Flynt's signature gold wheelchair never moved an inch in protest, even when Boteach contended, "The average man is downloading [porn] while his wife sleeps. When it comes to sex, we've foregone the experiential for the visual." Instead, the Hustler publisher flatly retorted in his cautious and sometimes garbled speech, "There are two kinds of people who oppose porn. Those who don't know what they're talking about and those who don't know what they're missing." Boteach, Flynt said, belonged to the latter group.
Monday night's debate wasn't the old-hat porn argument about why it's bad and should be banned. A more philosophical discussion emerged as the participants tried to distinguish between what Boteach described as "F'ing and love." Boteach isn't fanning the fire that porn is sinful but merely urging people to give up two-dimensional eye candy and get down with a human being they love. Flynt, of course, argued that there's nothing wrong with getting it on online as well as in the flesh.

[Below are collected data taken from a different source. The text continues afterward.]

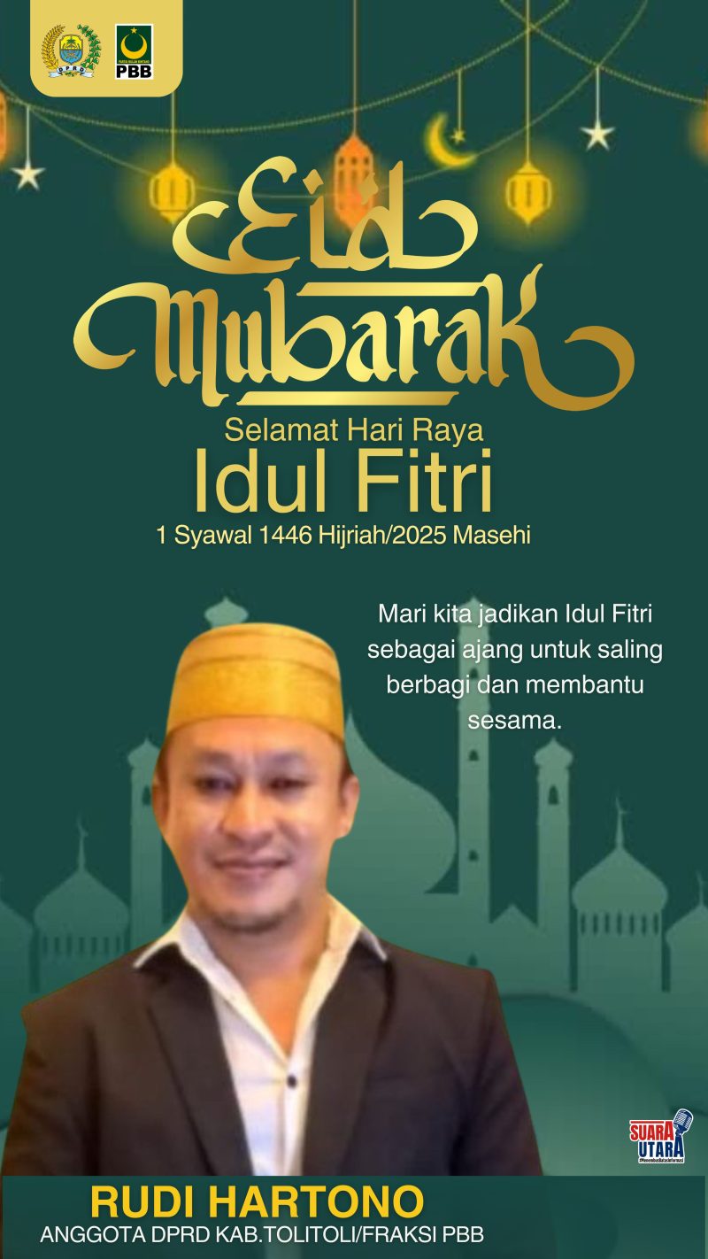 Tolitoli, Suarautara.com – Anggota DPRD Kabupaten Tolitoli, Sulawesi Tengah (Sulteng), Rudi Hartono dari Fraksi PBB mengucapkan selamat hari raya Idul Fitri 1 syaqal 1446 Hijriah/ 2025 Masehi.
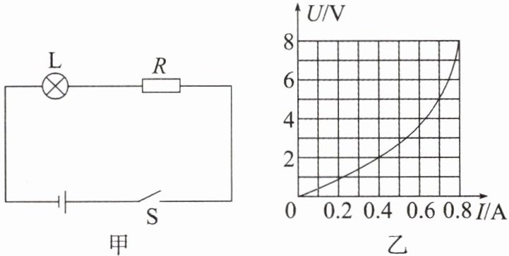 2. 如图甲所示,将灯泡L和阻值为10Ω的电阻R接在6V的电源上,图乙是灯泡L的U-I图像,结合图中信息可知(
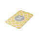 Chic, trendy, girly, Moroccan lattice quatrefoil pattern bath mat in yellow and white with a dark grey geometric circle label frame featuring a Monogram template.
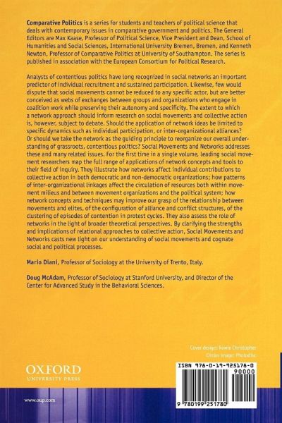 For the first time in a single volume, leading social movement researchers map the full range of applications of network concepts and tools to their field of inquiry. They illustrate how networks affect individual contributions to collective action in both democratic and non-democratic organizations; how patterns of inter-organizational linkages affect the circulation of resources both within movement milieus and between movement organizations and the political system; how network concepts and techniques may improve our grasp of the relationship between movements and elites, of the configuration of alliance and conflict structures, of the clustering of episodes of contention in protest cycles.Social Movements and Networks casts new light on our understanding of social movements and cognate social and political processes.

Organized by the Los Angeles chapter of the Sephardic Education Association, the debate will be available beginning May 3 on the religion portal Beliefnet.com, where Boteach is a contributor. It was moderated by Los Angeles Times columnist Robert Scheer who is best known for his Jimmy Carter interview where the former president admitted he had "lust in his heart." The surprise presence of Roseanne -- proud to be a feminist Jew, proclaiming that she is both fat and sexy -- spawned Boteach's confession that yes, he fantasizes about women other than his wife and yes, sex toys are a good idea.
Roseanne, who continually put on and took off her dark brown wraparound sunglasses, stretched Boteach's point that porn spoils sex further than the rabbi ever imagined, saying: "When American men watch pornography that's what they think they're supposed to do. That's why no one gets laid or, when they do, women don't have orgasms. This is why men can't fuck their way out of a paper bag."
At this point, Boteach turned to the audience and told them what he mistakenly believed was some kind of a revelation. "Roseanne," he said, "is a piece of work."
Scheer, ever the evening's straight man, pointed out that the Internet is the great democratizing force of pornography. If you like fat women, you can find fat women. If you want erotica, you can find Susie Bright. "One of the incredible things about the Internet is the diversity of (sexual) experience available," he said. "We no longer have to take a narrow view of pornography."
Flynt then felt compelled to give the audience a pornography history lesson noting that the first evidence of what he calls the "greatest art form" was found etched in stone by cave men. "Today," he continued, "the video store, the book store and the Internet are the poor man's art gallery." Regardless of whether people take the rabbi's advice and sate their desires in a carnal way, pornography's not going away. "With technology, the genie is out of the bottle and no one, including the government, is going to be able to stop the flow," Flynt said.